The parents are either tight arses or in financial strife.
It's not something I would do, mainly because my favourite part of hosting a party is putting on the food and drinks. I plan months ahead and even make myself a baking schedule (yes, I am a loser...). For DS's first birthday I ordered a cake months ahead and paid it off in instalments, because money was an issue and I wanted it to be special.
But, it wouldn't bother me if I were asked to bring something, provided that the people concerned would reciprocate if the scenario were reversed.
I haven't read all the comments but I think it would depend on how the invitation was worded.
If it was like, we are going to the park to celebrate ....'s birthday .. We would love for you to come along, bring a plate of food to share and celebrate. Then I wouldn't care at all.
If I couldn't afford to cater thankfully my family is tops and would assist with making food anyway (that's normally what happens)...but if that wasn't there, I just wouldn't have a party. I'd do one with my immediate family then...every second year even instead of every year. Makes it more affordable.

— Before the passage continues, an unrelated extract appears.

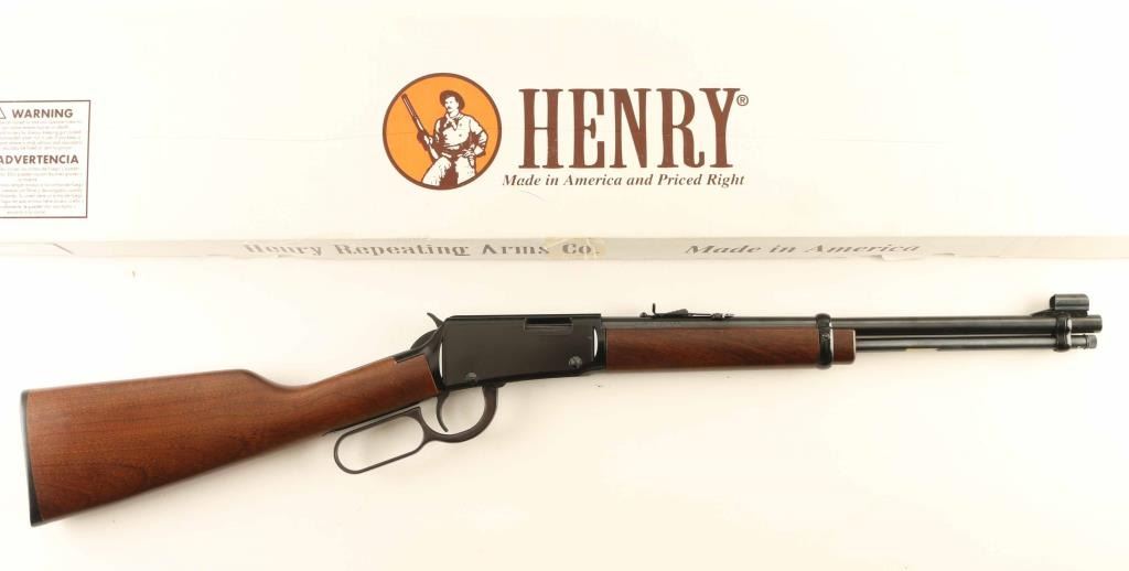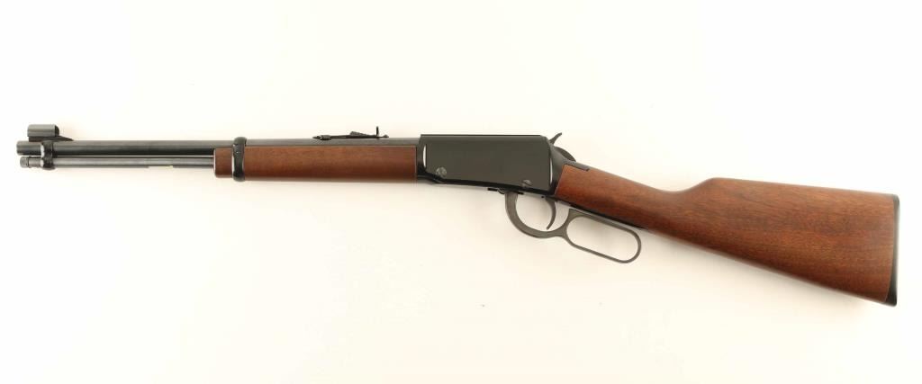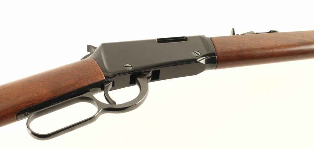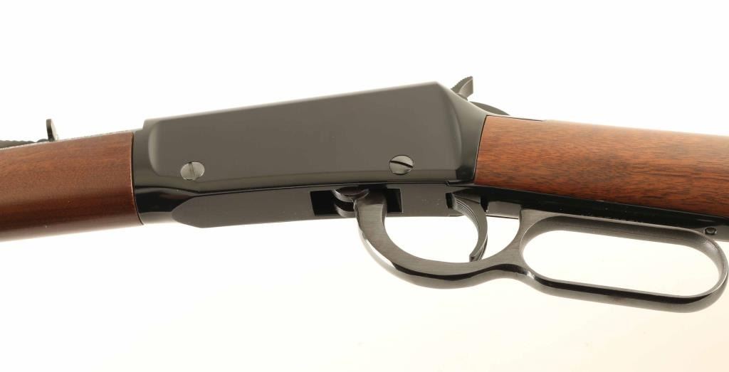 SN: Y025602H Lever action "Youth Model" rimfire rifle features blued finish, wood stock & forend, 16" barrel, magazine tube under barrel, buckhorn sights with hooded white dot front blade and vertical white stripe rear, 13" length of pull. Bore is excellent. Overall condition is almost like new with few signs of handling. Includes factory cardboard box with manual & cable lock. Condition is Excellent *** Modern Firearm ***

I think it's rude to invite someone to a " party" and not provide refreshments.
As others have said, there are other options if you can't afford a big party:
- have the party outside of meal times so you only have to provide something light, or just cake and drinks instead of a meal or more substantial food
- invite less people
- plan ahead - birthdays are not a surprise! They happen every year!
- be clear on the invitation that it's not a party but that you'll be celebrating child's birthday on x date at x time at x location and people are welcome to join you for cake or something.
In my family, the exception to this is that I think it's perfectly ok to ask close family to bring a salad, or fruit platter or something. But not the parents of friends you might never have met!
There is a difference to me between offering to bring something ( polite guest!) because you want to, and being asked to bring something.
But at the end of the day, an invite is not a summons. If someone invites you to something and you don't like the terms, you don't have to go!
*im referring to general you not anyone specific!
Id be less inclined to think financial & more inclined to think maybe there are a lot of different dietary needs, allergies and preferences that made a byo food party desirable.
I would have no issue with it. I don't see why so many would find it offensive? I don't find it unreasonable at all.